Tag: Swiss

  • bicycle fascist

    I was overtaken on the bike path today by a puzzlingly hostile man. He seemed to have a store of labels and insults saved up and was eager to put them to use. The sun had finally come out. I had ridden clear across town to collect my Ghanaian visa. I was thinking as I rode: honestly there’s nothing like crossing the first bridge to open between East and West Germany in 1989 in a sudden sharp hailstorm to make you want to leave the country for a while.

    Later on all the errands and grocery shopping were finally done and as I was cycling home – the clouds broke apart and a glorious sunshine lit the local world. I slowed down and looked about me, enjoying the pretty sky. Indescribable light at this time of year, sometimes. A pinging from behind warned of another, faster cyclist. I veered wobbling to the left, defaulting by accident to my Australian road rules, and the other rider pinged his bell furiously, with small intermissions, four or five times over. He called out to me. “Can you pull over to the right to let a person pass?”

    “I have pulled over to the left,” I said, “to let you past.”

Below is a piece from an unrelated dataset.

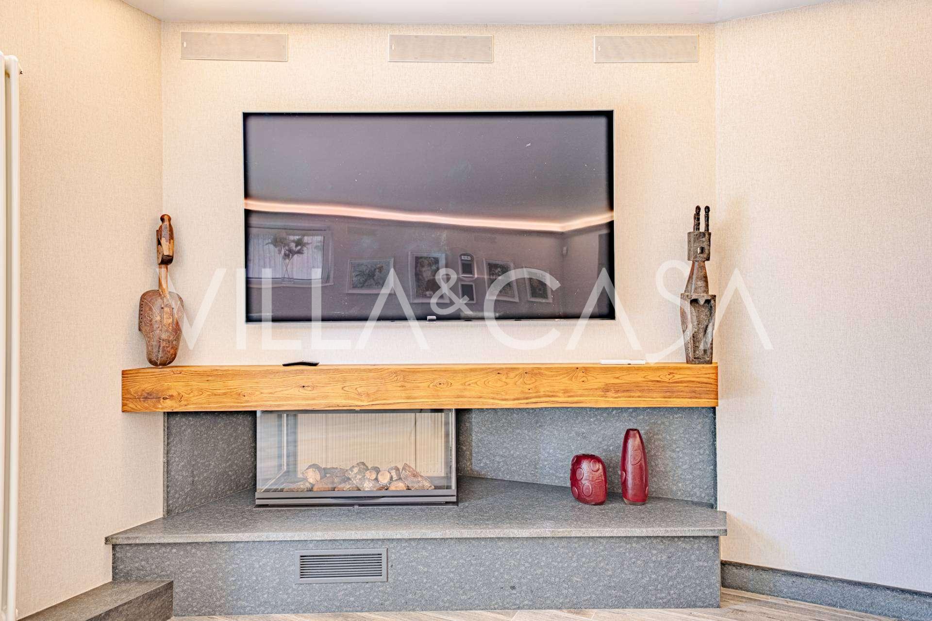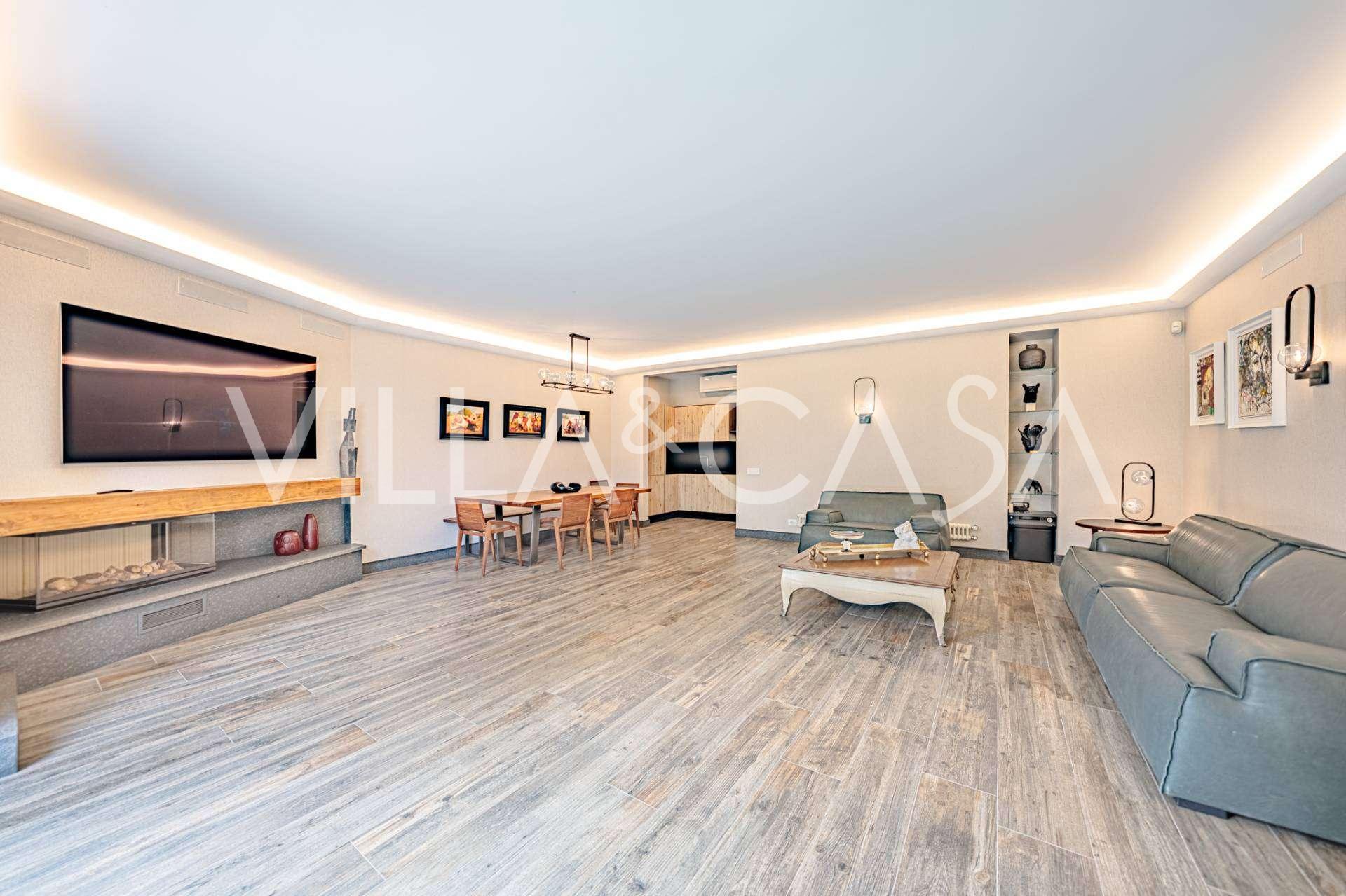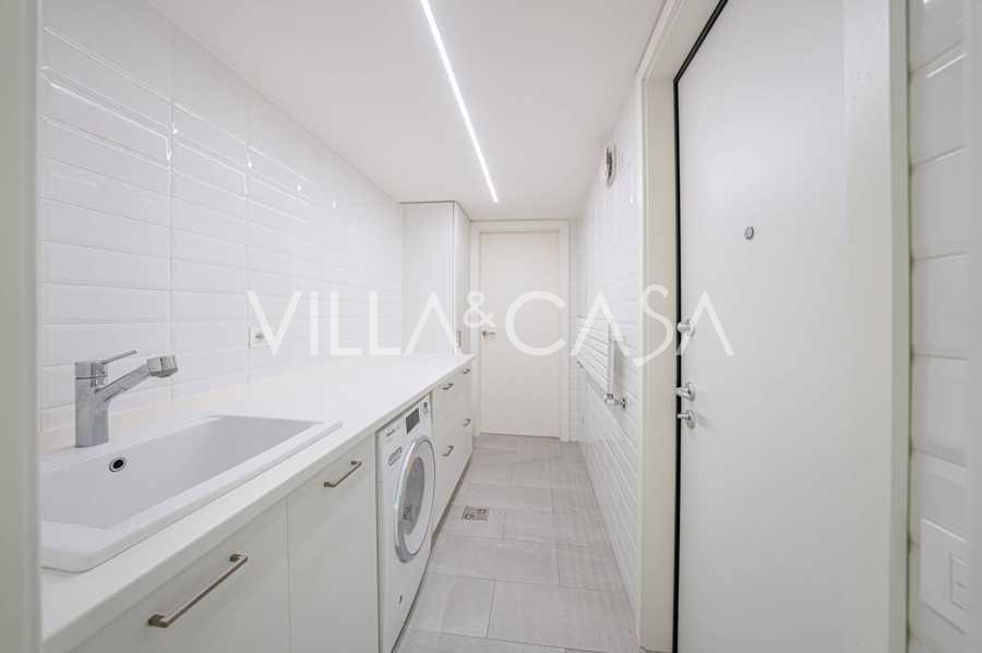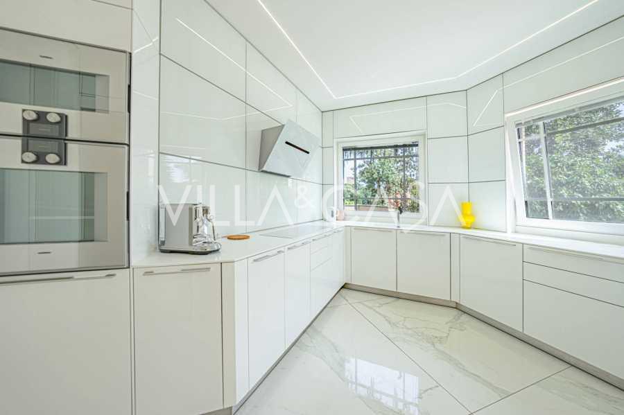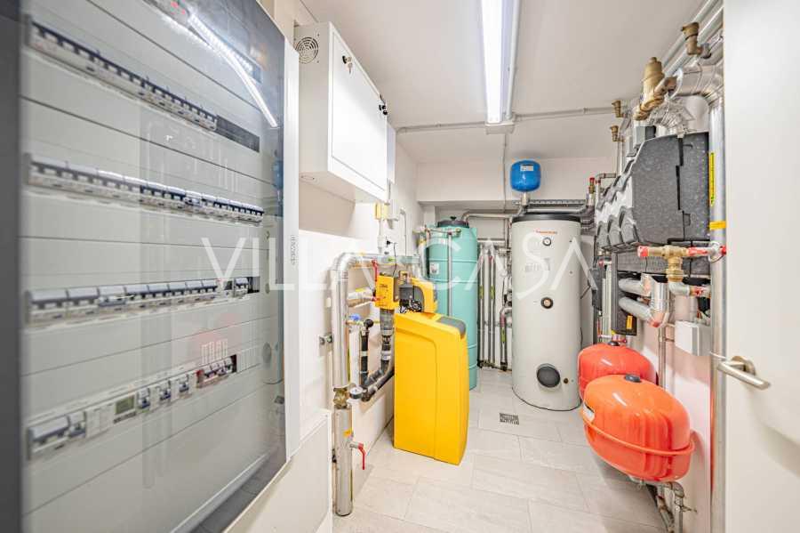 Birinci kat: şık bir giriş holü, tasarım biyokaminli ve terasa açılan panoramik pencereli geniş oturma odası; önde gelen markaların ekipmanları ile donatılmış ultra modern mutfak; ayrı hizmet alanı (çamaşırhane, teknik oda, doğrudan eve erişimi olan ısıtmalı garaj); kendi mutfağı ve banyosu olan özel bir çalışma odası.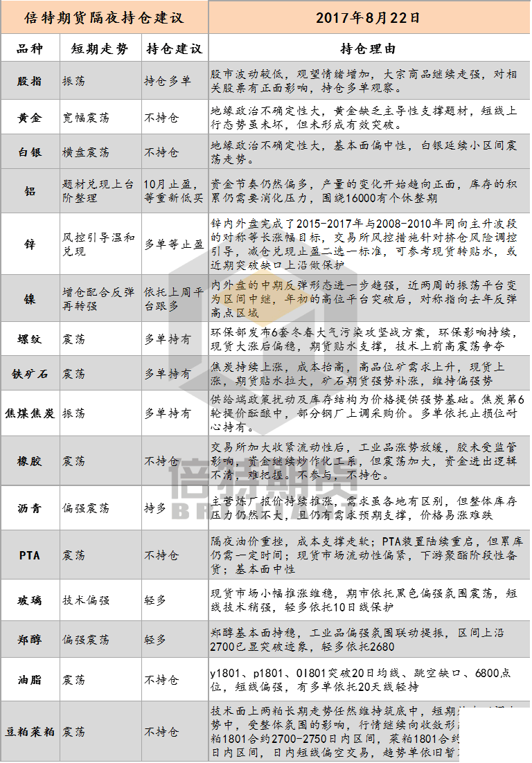 隔夜持仓建议0822

    He pinged his bell again though he already had my attention. “Are you deaf?”

    I said, “What? Are you German?”

    “No,” he said, primly, as he passed me. “I am a Swiss. Keep your German fascism to yourself!”

    Fuck you, I said, reverting to English, and then the tail of my skirt jammed in the spokes and I shuddered to a stop. As I disentangled myself and set off home I was thinking how quickly we had skipped through the steps to the full apparatus: accusations of physical handicap, warning sirens, curt instructions, national identity and then – within a mere moment, it seemed – we were already arrived at the most unimaginative form of terrorism there is: Fascism.

  • a Berlin evening, so cold, so sweet

    After an exceptionally difficult night and a day of doing difficult work, I said: I need to go out. Let’s go someplace we can have a glass of red and a plate of food. I had in mind Italian but the restaurant was closed for some sawing and hammering, we ended up at a Swiss place run by a Swiss man who aired his Swiss accent to amuse us.

    The wine was nice, the food was ok and the atmosphere thriving and red-checked. People came in from the cold in little gouts. We had a basket of bread and the waitress brought a little marble slab like something chipped out of a wall with a scrape of herbed butter splayed onto it. In the flickering candlelight we talked about his work and mine. I kept picking up the white enamelled wooden pepper mill and holding it in my hand, for the consolation.

    Is it true the Swiss eat apple tart with lavender-scented soft cream? These Swiss do. I remembered the word I had made up to describe the natty fellows in late middle age circling the lake in Zurich in their roll-top cars, who had pink and lemon coloured cashmere jumpers knotted round their shoulders and some of whom were wearing mint green pants: immaculate contraception. We whined a little, pleasurably, about the music, which was one of those wan girls who spoons the stuffing out of twelve or fourteen formerly robust intricacies (The Cure, baby, the Rolling Stones) so that you feel faintly perturbed by the recollection: hey, didn’t I once used to know this song? More than the Queen, she was the opposite of punk. Feeling warmed inside and far more unwound we paid our bill and walked home across the hardening snow, and it had grown so terribly cold during the evening I started to tremble inside my duvet jacket and we both became nauseous with chill.